I should make the House aware that there are no additional costs to the Exchequer as the costs for these elements will be accommodated within Enterprise Ireland's existing resources and, in certain cases, the use of new debt instruments will be provided instead of grants that would otherwise be given. It is worth noting that the introduction of this suite of amendments does not mean Enterprise Ireland would be obliged to always provide these supports to individual companies. Each project will have to withstand rigorous evaluations and due diligence, as is the norm, to be deemed eligible for agency support. It is now more important than ever that Enterprise Ireland can respond in an agile and flexible manner as the opportunities and challenges for its client companies change more pertinently in the context of a potential no-deal Brexit and as the investment market changes. It is also important that Enterprise Ireland can flexibly deploy the widest array of interventions that match supports available in other countries, particularly now in a Brexit context. These amendments will therefore build upon the already extensive suite of Brexit resilient measures which this Government has taken and is taking, by supporting businesses through a range of investment instruments, loans and grants as part of the response to limiting the negative effects of Brexit. It will help Irish businesses to remain competitive, to innovate in terms of new products and service development and to grow in existing and new markets.

I would like to comment quickly on queries raised by my colleagues in the Chamber yesterday evening. In response to Deputy Lisa Chambers, I formally launched the first of a series of local enterprise office customs training workshops in Cavan on Monday of this week with further workshops taking place throughout the country. These workshops are in addition to Enterprise Ireland's free customs insight course, which I launched in December 2018. This course has been developed for all Irish SMEs, and is an integral part of Enterprise Ireland's prepare for Brexit campaign to encourage SMEs to be fully prepared for all eventualities. Information on customs has been also available on Revenue's website for some time.

In response to Deputy Cullinane, I point out that legislation is not required in the Brexit omnibus Bill regarding state aid as this is formed at EU level. However, my Department has been proactively engaging with the European Commission for some time to find solutions to assist Irish enterprises. The technical group established has achieved results that benefit our Irish businesses. For example, just last week, the European Commission gave state aid approval for national investment in an Irish cheese producing company.

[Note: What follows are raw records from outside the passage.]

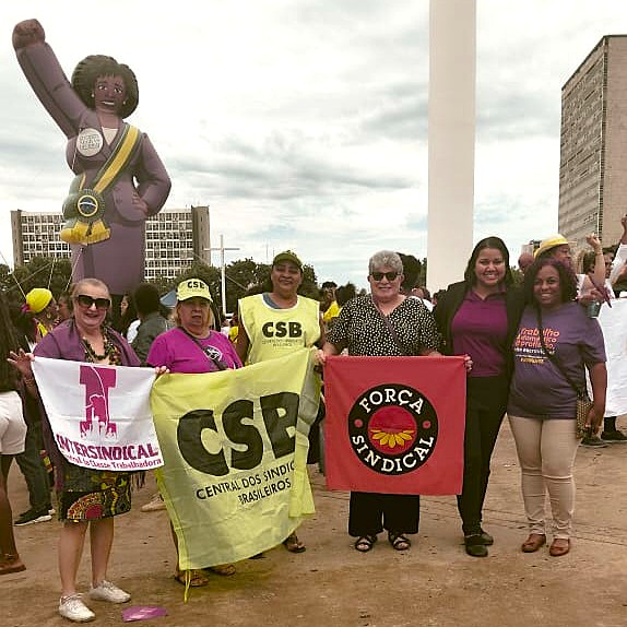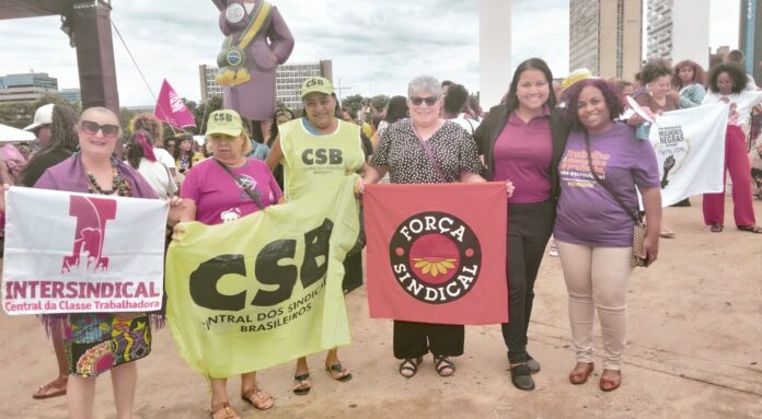Os Químicos da Força fortaleceram a Marcha de diferentes formas: o Sindicato dos Químicos de Rio Claro colaborou com transporte às participantes que foram até Brasília; e os Químicos de Ribeirão Preto também reuniram mulheres da região para a Marcha.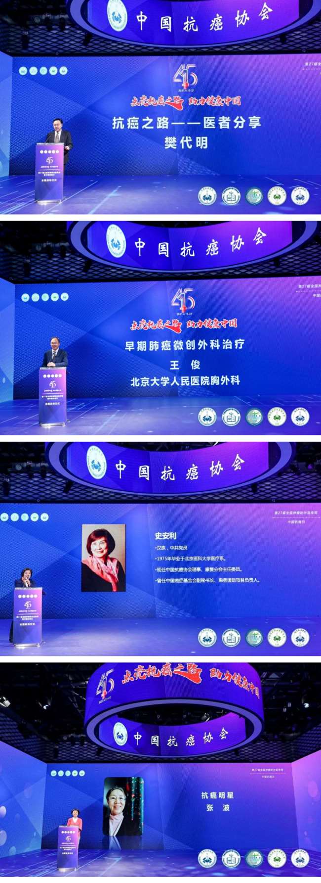 樊代明理事长和王俊院士分别做了《抗癌之路》医者故事分享,从医生视角,带来各自领域不同的防癌抗癌历程;在《抗癌之路》患者故事环节,中国抗癌协会康复分会主任委员、抗癌明星史安利教授和抗癌明星张波女士分介绍了他们身为多次复发癌症患者在癌症康复过程中秉持信念战胜癌症的破解之道,给患者信心,让公众放心。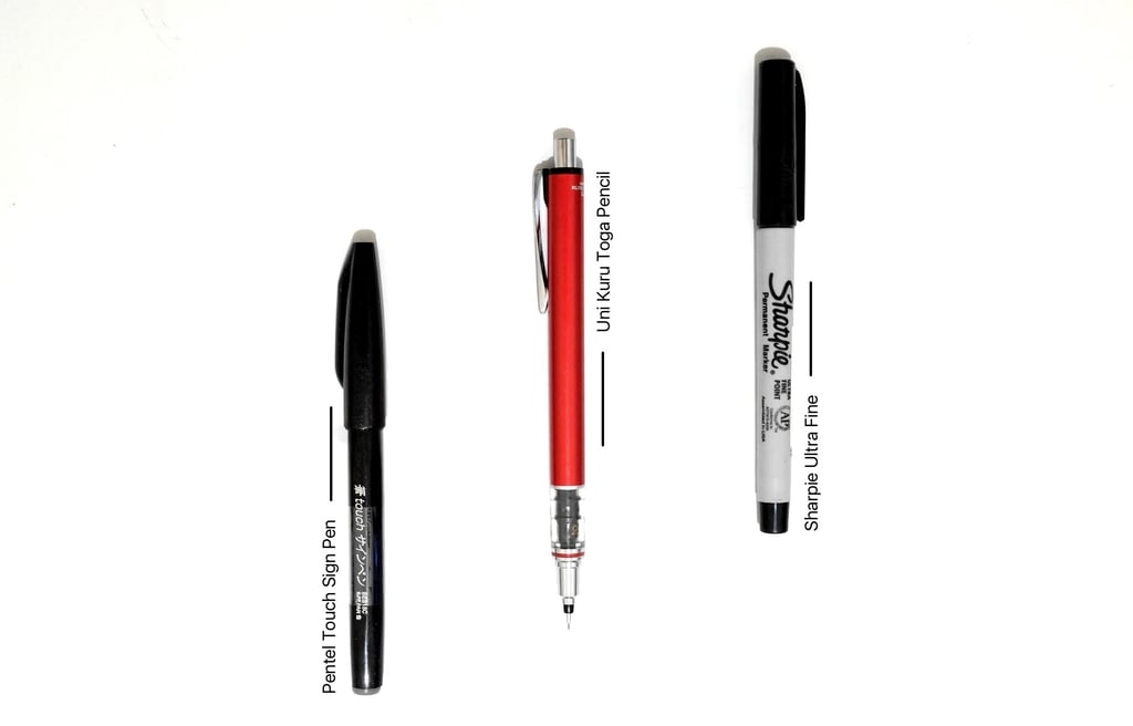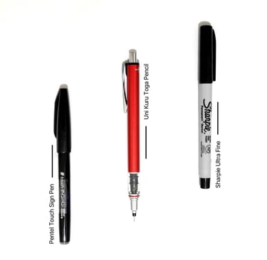 - Pentel Touch Sign Pen dan Sharpie Ultra Fine, sangat pas digunakan di atas kertas tracing/kalkir.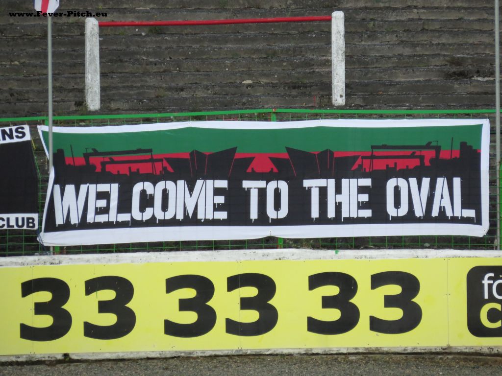 Die Kurven hinterm Tor ebenfalls sehr geil. Alte Betonstufen mit in Vereinsfarben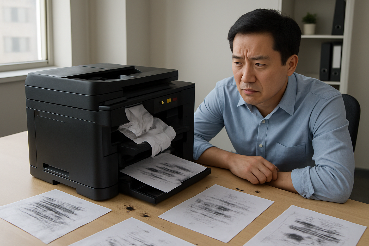 Văn bản xuất hiện mờ nhạt, có vệt sọc hoặc thiếu màu là dấu hiệu rõ ràng nhất cho thấy máy in cần được can thiệp ngay. Sửa chữa máy in tại Lạc Trung Hà Nội cho thấy 70% các trường hợp này xuất phát từ hộp mực cạn, đầu phun bị tắc hoặc drum bị mòn. Các vạch kẻ ngang xuất hiện trên giấy thường báo hiệu trục lăn bị bẩn hoặc hỏng. Khi chữ in bị nhòe hoặc có hiện tượng chảy màu. Đây là lúc hệ thống cung cấp mực gặp trục trặc cần sửa chữa chuyên sâu.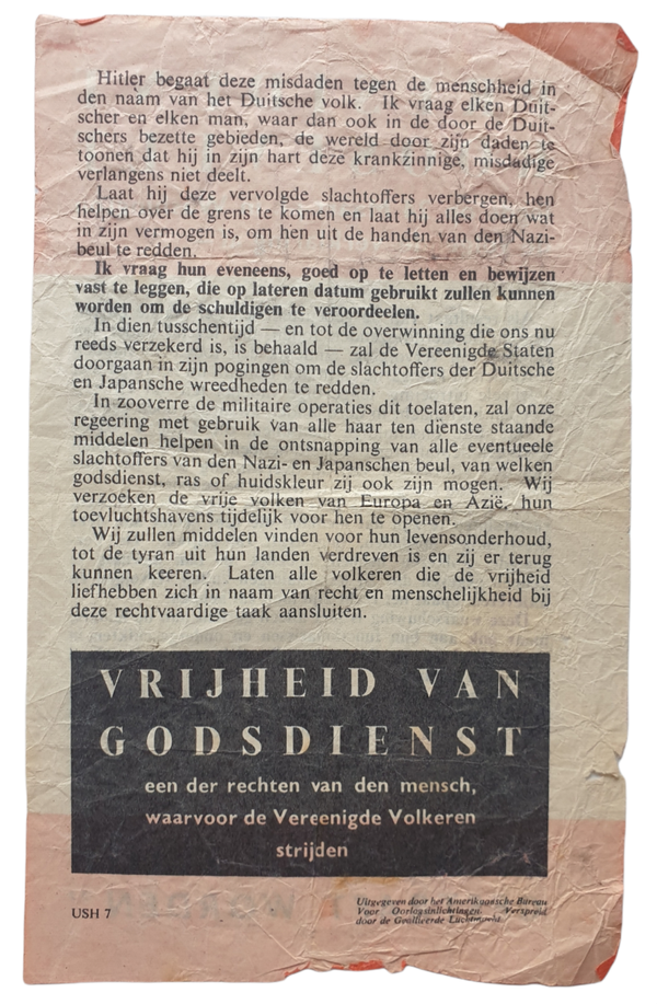 Amerikaans pamflet voor Nederland met pamfletcode USH 7 ''President Roosevelt''

Of course, my officials and I will be happy to respond to any further queries Deputies may have as the Bill progresses through the Houses. My Department, along with our enterprise and regulatory agencies, is taking every possible step to ensure Irish businesses are as prepared for Brexit as they possibly can be. However, as I said at the outset, there are no winners from Brexit. It remains my strong hope that the withdrawal agreement will be accepted by the United Kingdom, but should the worst come to pass and if we end up with a no-deal scenario, the passage of these amendments, together with the wide range of supports already put in place by Government, will ensure we have in place the necessary suite of tools to assist business in what will without doubt be an extremely challenging period ahead.